Start of Input data

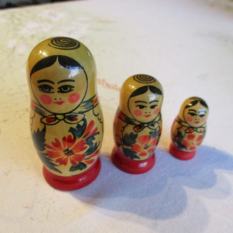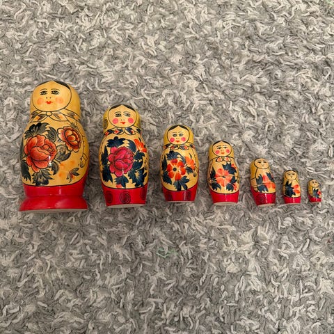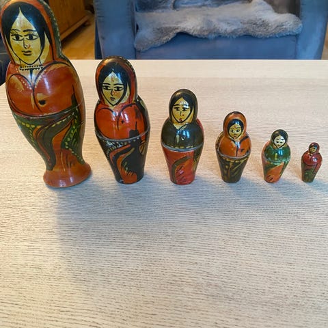Russiske Babushka dukker i sett med 6 stk laget av tre. Dukker er malt med tradisjonelle mønstre i rødt, gult og grønt. Hver dukke kan åpnes og inneholder en mindre dukke inni. Passer til dekorasjon eller samling.
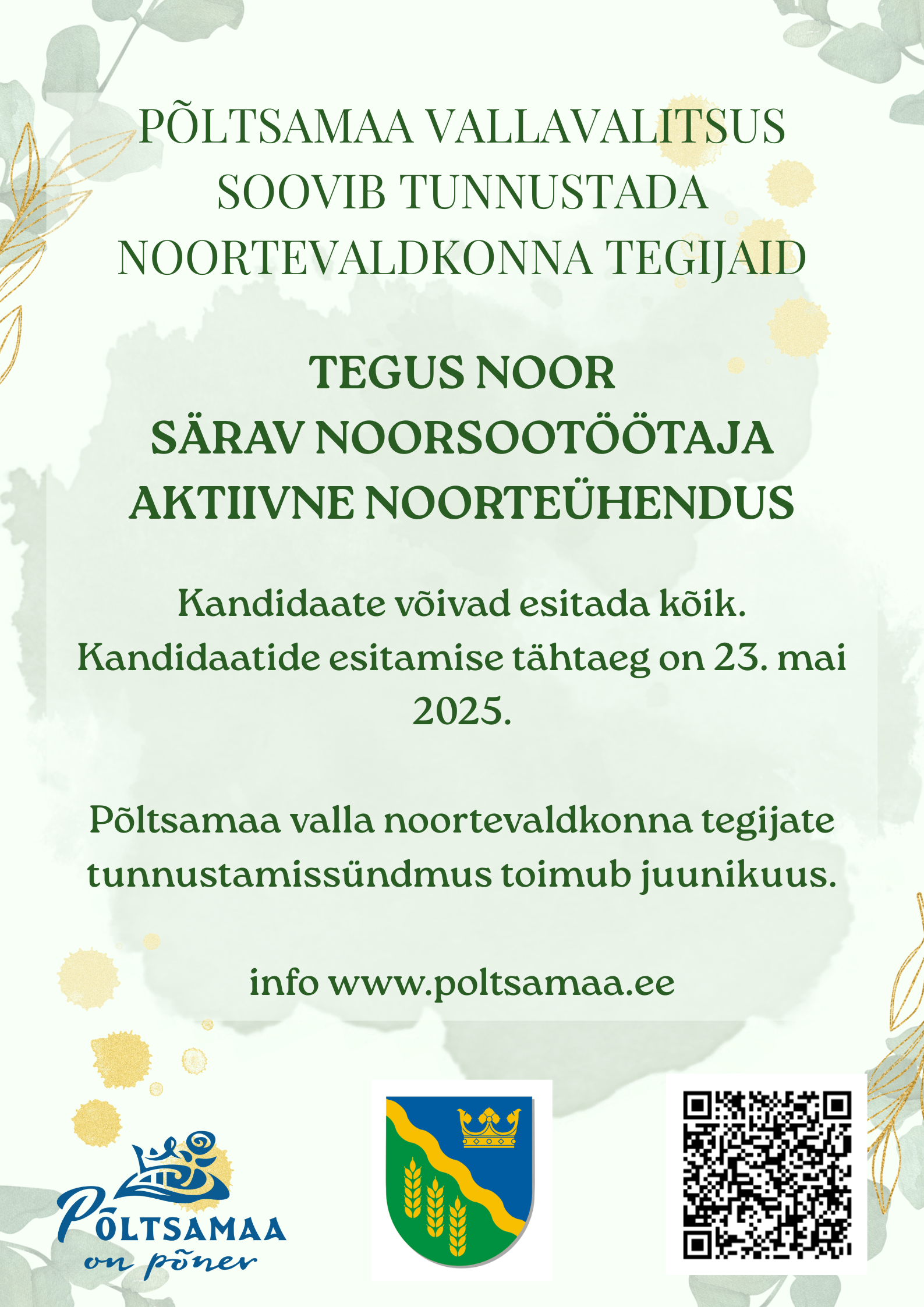 Kandidaatide esitamise tähtaeg on 23. mai 2025. Põltsamaa valla noortevaldkonna tegijate tunnustamissündmus toimub juunikuus.
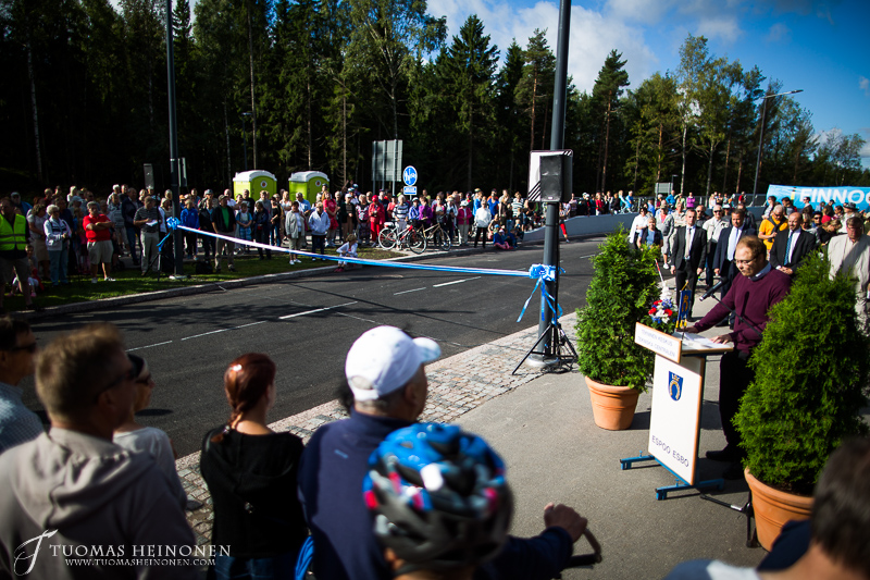 Puheiden jälkeen vuorossa oli juhlanauhan leikkaus ja ensimmäisenä nauhasta palasen leikkasi Espoon kaupunginjohtaja Jukka Mäkelä. Lopuksi paikalla olleille lapsille tarjottiin mahdollisuus leikata omat palaset jäljelle jääneestä nauhasta.

End of Input data

:: Instructions to follow ::
Starting at the line that contains "Kandidaatide esitamise tähtaeg", output every line through the end of the data, both ends included, and nothing else; pictures stay out.

:: Final answer ::
 Kandidaatide esitamise tähtaeg on 23. mai 2025. Põltsamaa valla noortevaldkonna tegijate tunnustamissündmus toimub juunikuus.
 Puheiden jälkeen vuorossa oli juhlanauhan leikkaus ja ensimmäisenä nauhasta palasen leikkasi Espoon kaupunginjohtaja Jukka Mäkelä. Lopuksi paikalla olleille lapsille tarjottiin mahdollisuus leikata omat palaset jäljelle jääneestä nauhasta.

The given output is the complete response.